Defensor férreo de la batalla por las libertades individuales, admirador de Tolstói y de Dostoievski, Camus fue un incansable luchador contra los totalitarismos que habían desgarrado el mundo años antes y la violencia y el odio que predicaban.
El último eslabón de la historia moderna dentro de esta cadena de defensores de la no violencia fue el reverendo Martin Luther King, en los Estados Unidos de mediados de siglo XX. Tomó el ejemplo de Gandhi en la India y lejos de responder a los ataques y agresiones, creía que al segregacionismo racial se le podía ganar la batalla con amor, no con odio. Los hechos de violencia, como el ataque de la policía local a los manifestantes en el puente de Selma, no pudieron con las convicciones de un pueblo oprimido que había decidido salir de las sombras. Si se siembra violencia, indefectiblemente se cosechará violencia. La brecha racial fue sellada no con enfrentamientos entre bandos, sino gracias a la resistencia. O mejor dicho, a la resiliencia del pueblo afroamericano, porque el perdón es de las acciones más honrosas que una persona puede realizar.

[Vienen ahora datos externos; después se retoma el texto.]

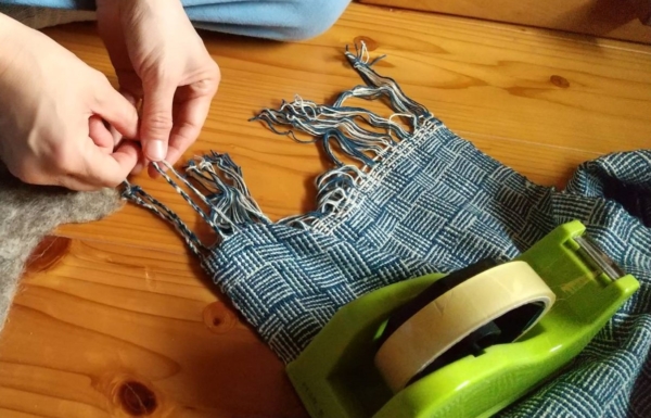 シルクの網代織が終わり、房作りのanさん
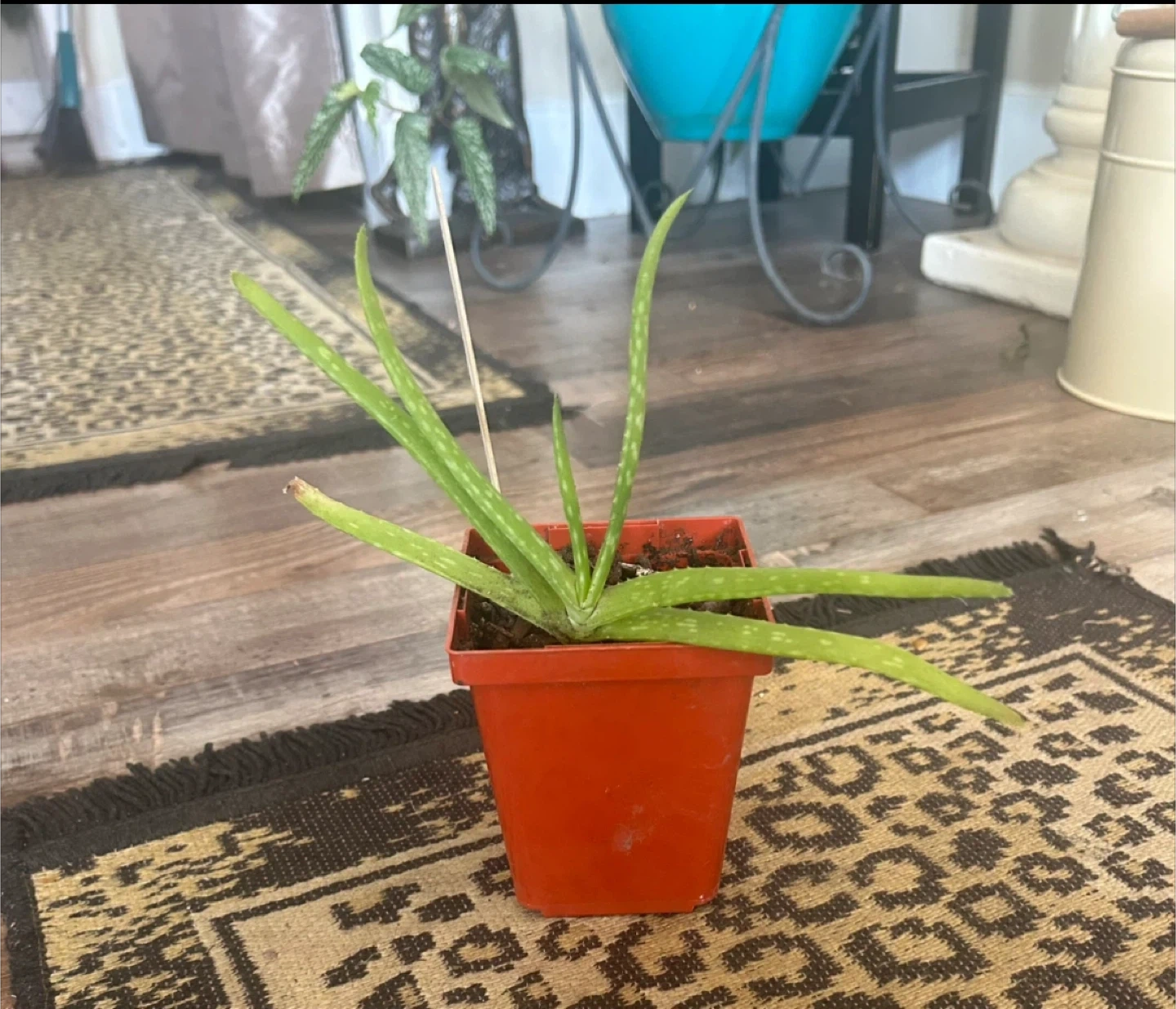 I'm selling an aloe vera plant in a cute orange pot! It's a healthy little plant, perfect for adding some greenery to your space. It's currently in a small pot and ready to thrive in your home
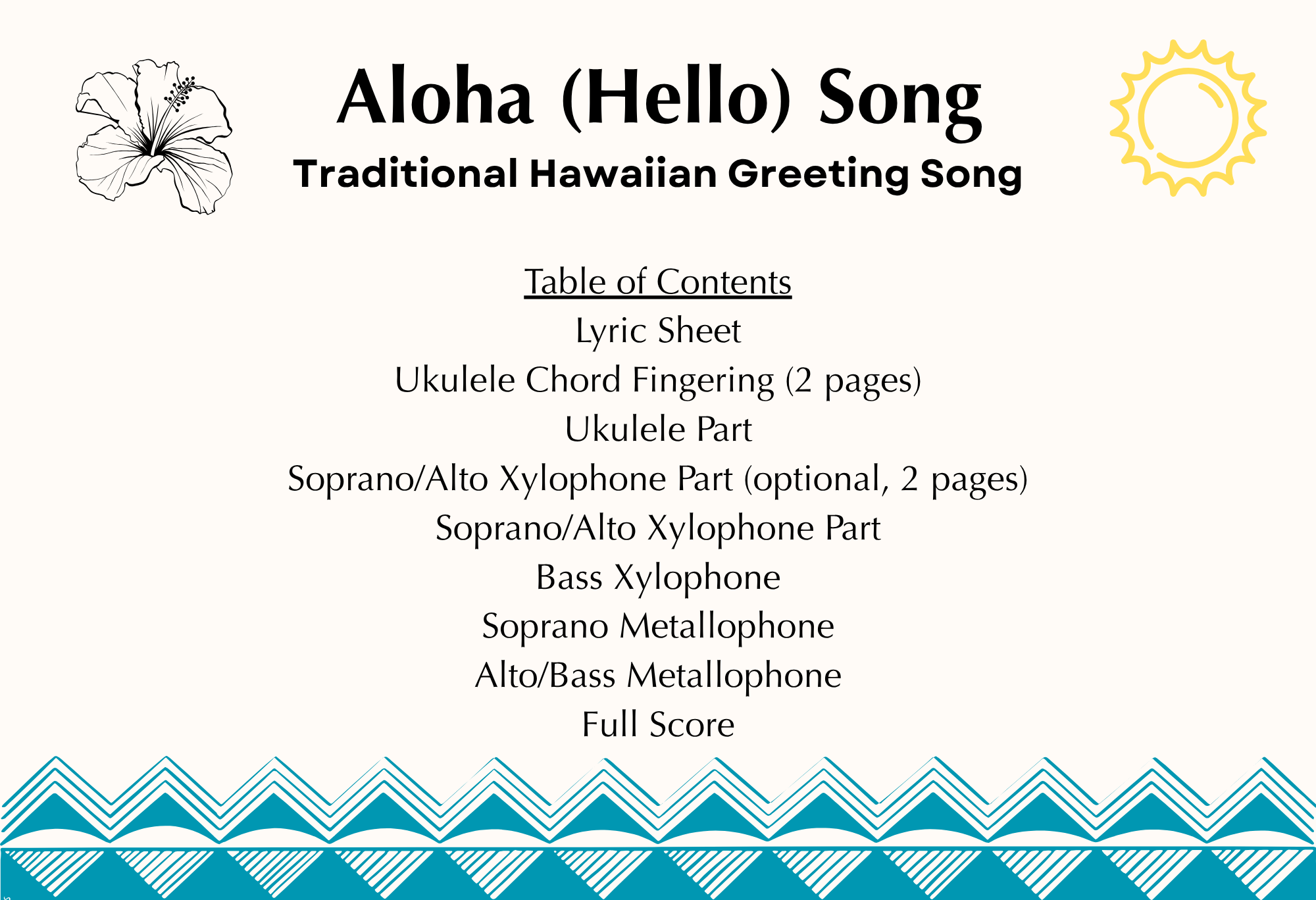 The ‘Aloha (Hello) Song’ is a traditional Hawaiian song adapted for the classroom, incorporating Hawaiian greetings for different times of day — kakahiaka (morning), awakea (midday), ‘auinalā (afternoon), and ahiahī (evening). This resource features ukulele and xylophone parts to create a rich instrumental accompaniment, giving students the opportunity to explore Hawaiian language and culture through music. With accessible arrangements and engaging parts, it’s a wonderful way to introduce students to world music, cultural appreciation, and ensemble playing. (Click for Link to TPT)
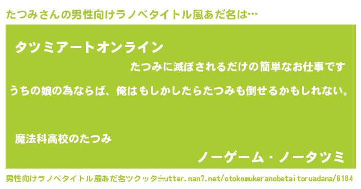 | ファンタジー風あだ名 | 『エターナルタツミー』『タツフェル』 |

Por eso, todos recuerdan el ilustre discurso en Washington, frente al monumento de Abraham Lincoln. Allí sentenció para toda la posteridad: Sueño que mis cuatro hijos vivirán un día en un país en el cual no serán juzgados por el color de piel, sino por los rasgos de su personalidad.
¿Podrá el ser humano desligarse de la violencia para siempre? Es una pregunta difícil de responder: sé que, en el mundo, hay más bondad que maldad, y hay que seguir insistiendo. Se ha avanzado mucho en la defensa por la igualdad y la equidad en los grupos sociales marginados y olvidados, si bien es indispensable recordar siempre que si el camino hacia la obtención de nuevos derechos ha de ser sostenido por la violencia, habremos retrocedido. Aparecerán nuevos exponentes de la práctica no violenta que continuarán luchando por la unidad y la solidaridad entre las personas en tiempos en que, a veces, nos vemos amenazados con repetir viejos errores.
Pero como escribió Camus: en los hombres hay más cosas dignas de admiración que de desprecio. Contra todo tipo de violencia, prefiero creer en eso.